An authenticator device is a portable device that includes memory, a communications interface, and a controller. The controller receives authentication information from a cloud network via a communications interface, stores the authentication information in the memory, and authenticates a device utilizing the authentication information when the authenticator device and the device are not connected to the cloud network. A method to authenticate a wireless device in an offline environment is also provided. The method includes connecting the authenticator device to a cloud network, receiving an authentication key and a certificate from the cloud network, storing the authentication key and the certificate in internal memory of the authenticator device, establishing a connection to a mobile device when the authenticator device is not connected to the cloud network, the mobile device including a mobile application that communicates with a remote device, and authenticating the remote device utilizing the authentication key.

Description

BACKGROUND

Facilities, such as buildings, may have complex lighting systems that are used to both provide light and to monitor and manage nearby devices. These lighting systems can comprise an array of lighting fixtures, each lighting fixture including sensors and wireless communications technology to relay information, such as sensor information. Additionally, the lighting system may include components such as a mobile device, for example, a mobile phone, that includes a mobile application to control various features of the lighting system.

Lack of cloud connectivity in a network brings in multiple constraints on handling of features such as device authentication. Device authentication involves identifying a remote device, such as a lighting fixture, and verifying that remote device's credentials. Normally, if cloud connectivity is available, then these constraints are overcome easily as all the remote devices have a common server to synchronize with. However, when there is no network connectivity, it is difficult, if not impossible, to authenticate the remote devices.

One method used to authenticate remote devices is public-key cryptography. This method is based on a key pair that includes a public key and a private key. Data that has been encrypted with a public key can be decrypted only with the corresponding private key. Conversely, data that has be encrypted with a private key can be decrypted only with the corresponding public key. A certificate verifies that the entity is the owner of a particular public key.

There is a need to provide a safe method to identify whether or not a remote device is valid. If the needed decryption keys for authentication are stored on the mobile device, there is a possibility that the sensitive key information may be vulnerable to unauthorized users. Otherwise, if the decryption key information is maintained in the cloud, there is a dependency on the network connectivity.
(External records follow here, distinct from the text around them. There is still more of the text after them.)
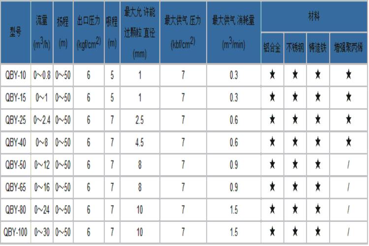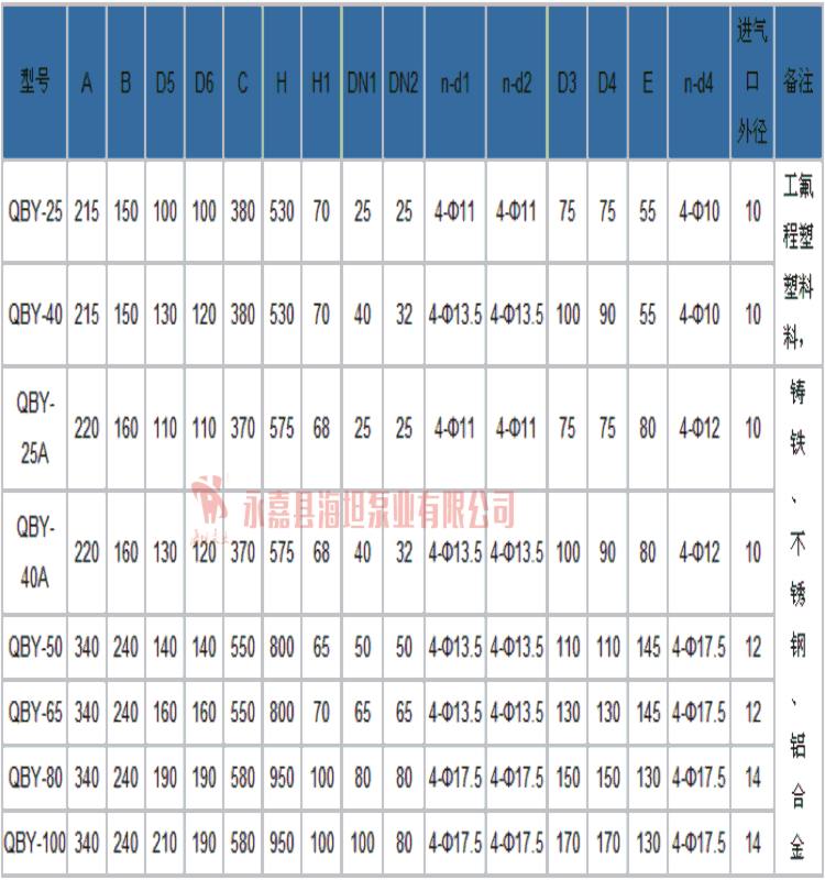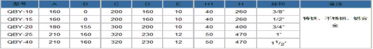 【QBY型铸铁气动隔膜泵】性能参数:
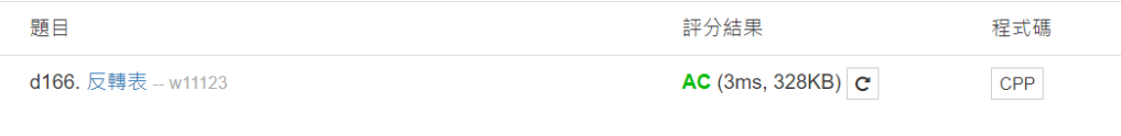 解題想法 : 數字應該要放在哪裡呢? 就是由所謂的「反轉表」來決定,我們會以題目的範例測資作為反轉表的範例。 反轉表s[] : [2, 3, 6, 4, 0, 2, 2, 1, 0] 首先我們看到反轉表的第一個位置是2,表示1的前面會有2個比他大的數,所以我們必須要預留這些位置,為了保證預留的位置是剛好的,我們得從小到大找位置,也就是從1開始放。 為何從小到大放一定會是正確的呢? 範例中反轉表1的值是2,所以我們會保留2個「0」在前面,因為是從小到大放,所以後續不論是誰都比1大,所以不管是誰放在預留的「0」上面,都會是成立的。 設反轉表的數字為k,答案陣列設為ans[],cnt記錄0出現的次數,要放的數是i。 實作上為了方便我們可以先將ans[]全部先填0,因此我們就從ans[]的第一項開始找,並隨時記錄cnt,遇到0就把cnt+=1,當cnt等於k+1時,表示前面已經預留了k個「0」,k+1就會是i應該要放的位置。 照著這個規律下去實作就可以解決此題。 (注意 : 題目雖然沒有提到,但是需要反覆讀取直到檔案結尾)
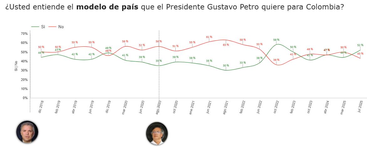 Sobre si se entiende el modelo de país que el presidente Gustavo Petro quiere para Colombia, un 52% respondió que sí y el 43% respondió que no.
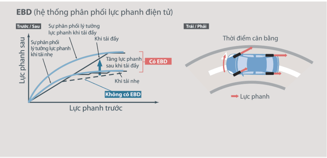 Hệ thống phân phối lực phanh điện tử EBD phân bổ lực phanh hợp lý lên các bánh xe, giúp nâng cao hiệu quả phanh, đặc biệt khi xe đang chất tải và vào cua.
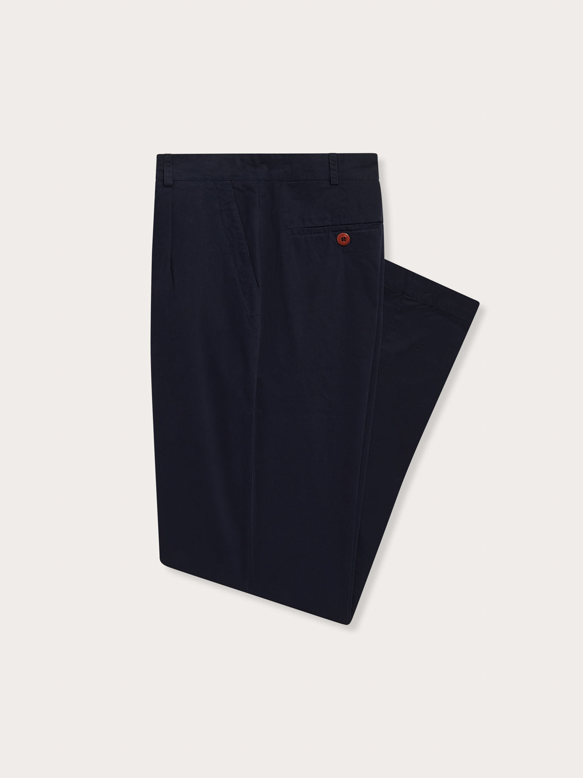Meet your new wardrobe hero: our Men’s Navy Blue Lyford Chino trousers. Crafted from 100% soft, breathable cotton in a timeless navy blue, these cotton chinos offer the perfect blend of vintage style and modern comfort. Versatile enough to pair effortlessly with anything, from casual tees to unstructured jackets, these navy chinos are a staple for every occasion.
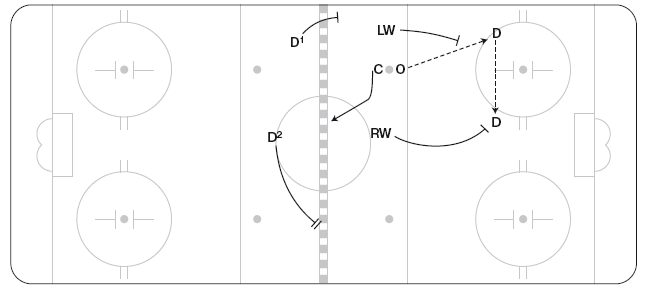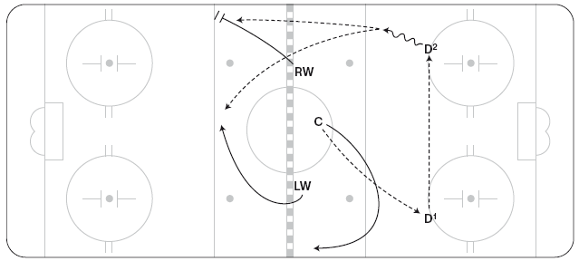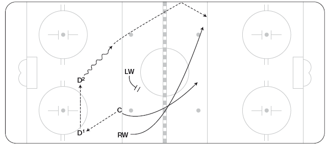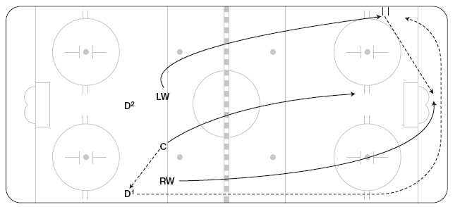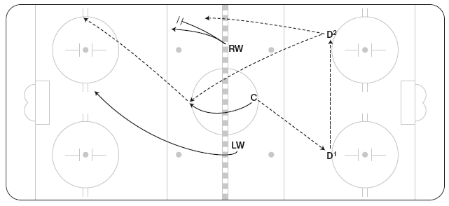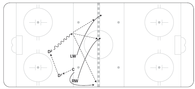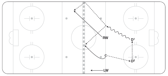C отбрасывает шайбу назад D1, а тот отдает пас D2 (рисунок 11.11). C, совершая широкий разворот, набирает скорость. RW совершает рывок к дальней синей линии. LW под углом устремляется к центру синей линии. D2 может отдать пас либо RW во время его перемещения, либо в центральный проход LW, либо на внешний край C. Кроме того, D2 может с шайбой пересечь красную линию и сделать вброс в зону нападения, где ее с внешнего края подхватит C.
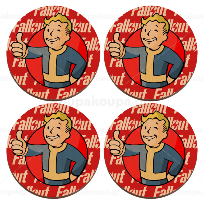 Fallout Vault Boy, ΣΕΤ x4 Σουβέρ ξύλινα στρογγυλά plywood (9cm)
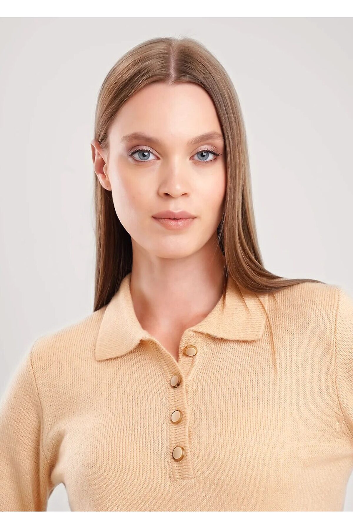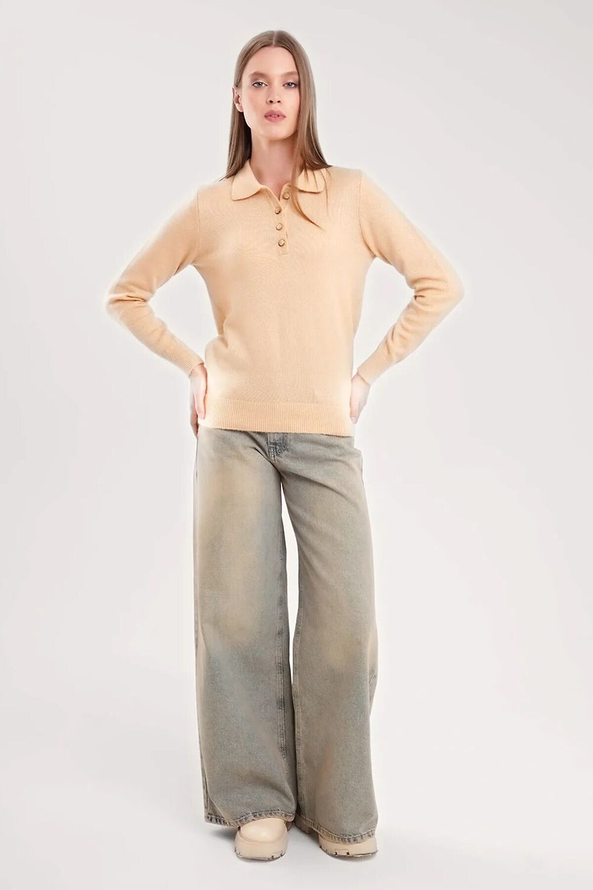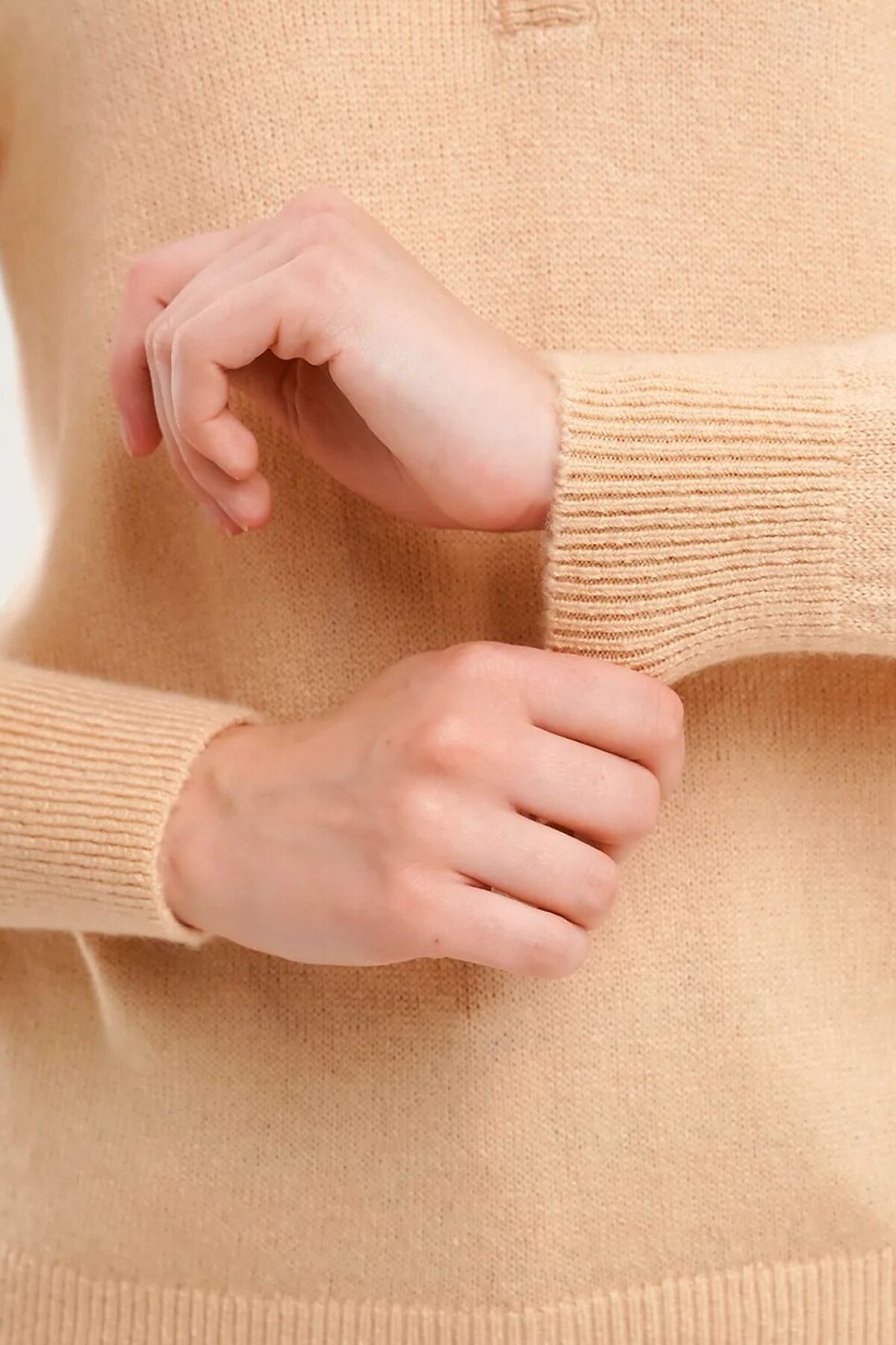 Вязаный джемпер умеренного объема из акриловой пряжи с добавлением шерсти, переплетение гладь. Втачной длинный рукав, по горловине отложной воротник с функциональной планкой и пуговицами. По низу изделия и рукавов манжеты.
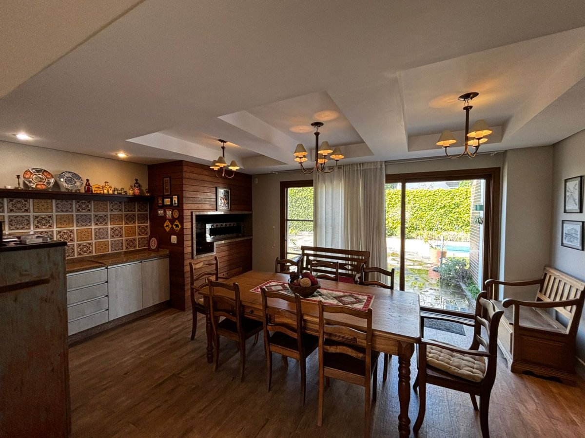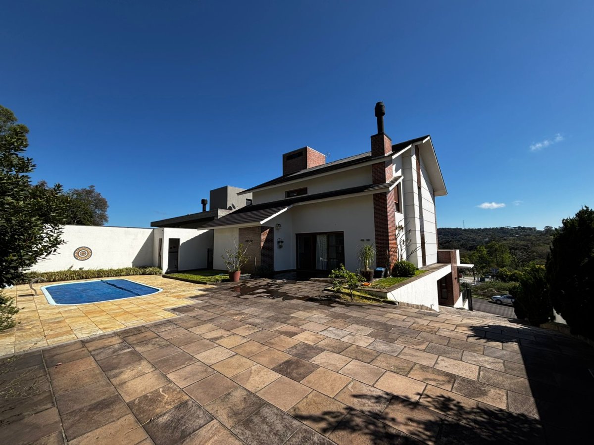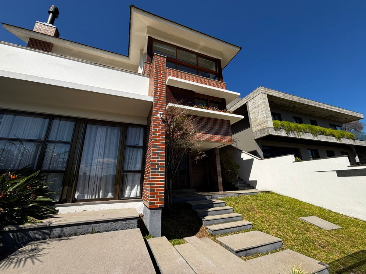 2º Pavimento: 01 suíte, lavabo, sala de estar com lareira e terraço, cozinha, área gourmet com churrasqueira rotativa, piscina com aquecimento, banheiro da piscina, área de serviço, garagem e depósito.

Thus, in areas where there is no network connectivity and hence no access to the cloud, it is desired to have an authentication device and corresponding method that can verify the remote device and safely maintain the decryption keys.

BRIEF SUMMARY

An authentication device/method that works in conjunction with a mobile device and can verify the validity of a remote device located in an area where there is no network connectivity is provided. Advantageously, the authenticator device can provide the needed certificates to the remote device so that it knows it is communicating with a valid mobile application on a mobile device.

An authenticator device is a portable device that includes memory, a communications interface, and a controller. The controller receives authentication information from a cloud network via a communications interface, stores the authentication information in the memory, and authenticates a device utilizing the authentication information when the authenticator device and the device are not connected to the cloud network.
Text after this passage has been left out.